Data extracted from a collection

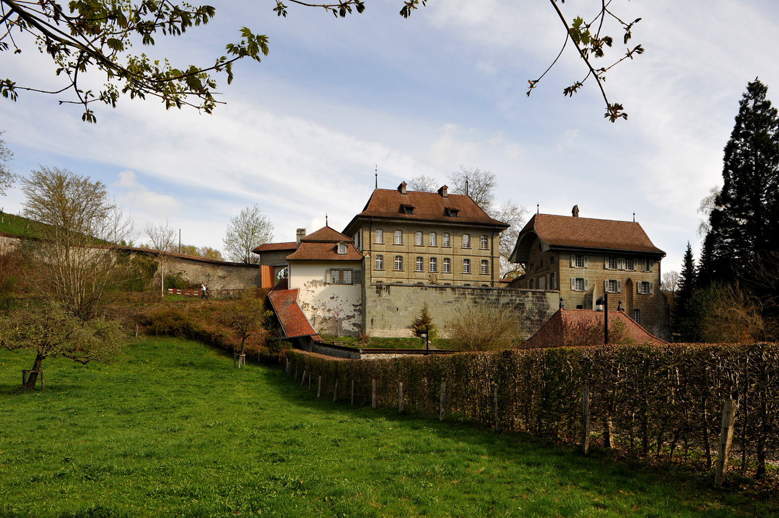 Abbey Altenryf in Hauterive; apartment house and earlier hostel; Fribourg, Switzerland.
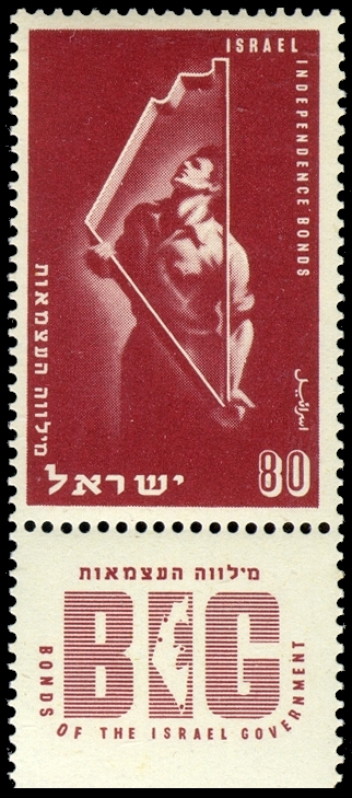 Independence Bonds stamp - 80 mil.
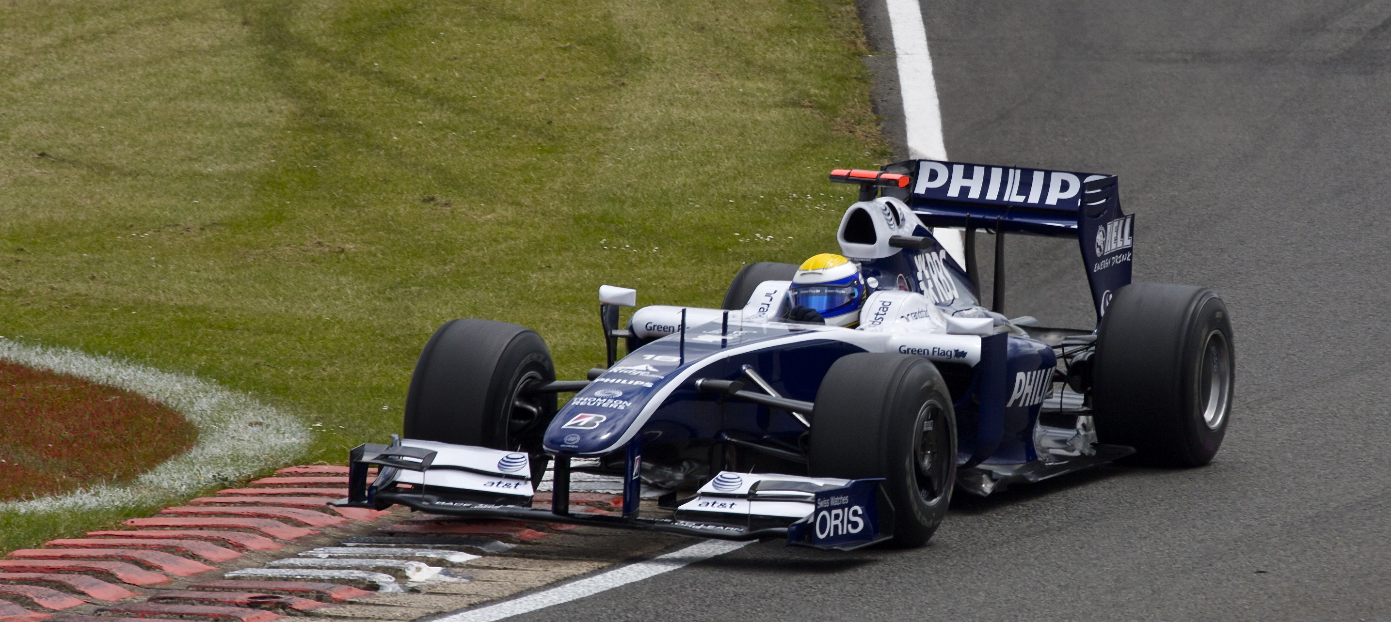 Nico Rosberg at the 2009 British Grand Prix, Silverstone, UK.
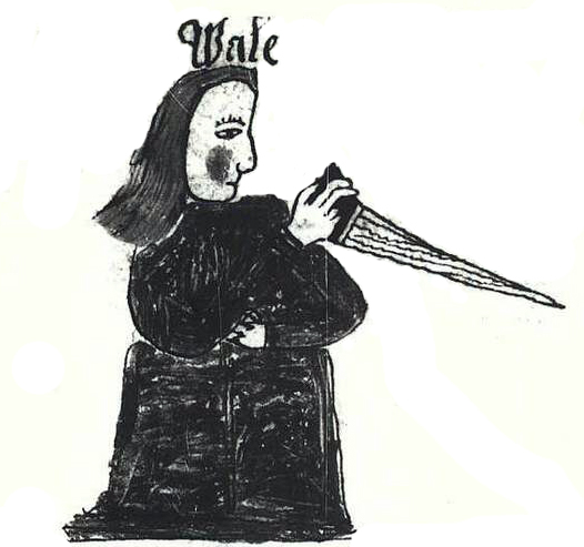 An illustration of the Norse god Váli, from an Icelandic 17th century manuscript. A scan of a black and white photography.
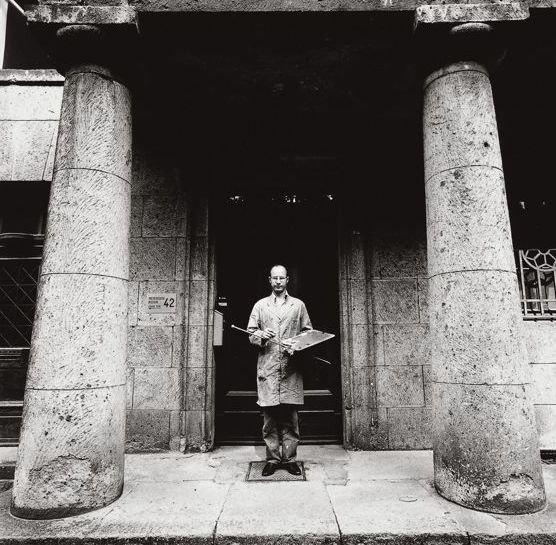 Konrad Klapheck portraied by Lothar Wolleh
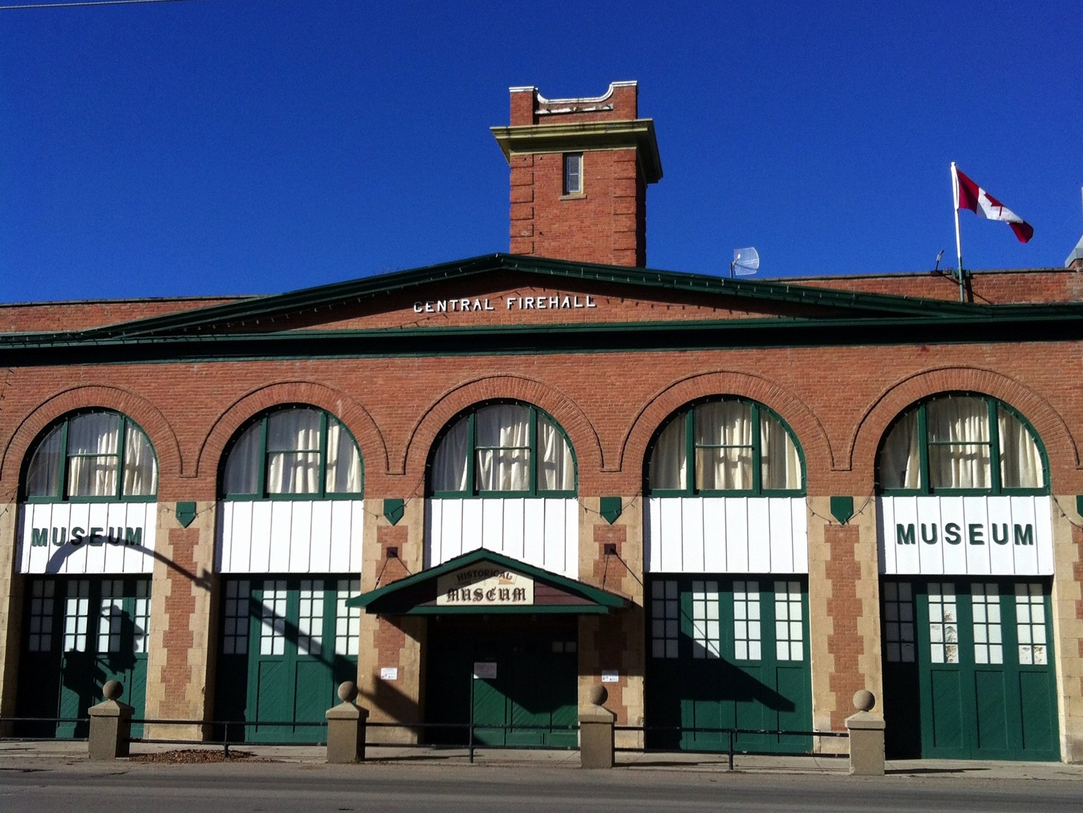 Prince Albert and District is rich in recreation and leisure opportunities. Our abundant city parks include Prime Ministers Park, Pehonan Parkway, and the beautiful 1500 lakes that make up Prince Albert National Park. During the winter months, the City of Prince Albert and District come alive with fun-filled activities for the entire family! Cross-country skiing, snowboarding, snowshoeing, and winter hiking are some of the activities you can experience when you visit Little Red River Park, Prince Albert's playground areas, or any of our Lakeland areas. Fall and winter give way to spring and summer.... Prince Albert's farmers market, downtown street fair, retail shopping, exhibitions, rodeos, and the best golfing around - we have it all! With endless adventure possibilities within an hour from Prince Albert, there isn't another City and District like us!

[Exercise goal] What you write out is the stretch of entries from the line containing "An illustration of" to the line containing "Konrad Klapheck portraied by Lothar Wolleh", word for word, with both end lines and no pictures.

[Response box]
 An illustration of the Norse god Váli, from an Icelandic 17th century manuscript. A scan of a black and white photography.
 Konrad Klapheck portraied by Lothar Wolleh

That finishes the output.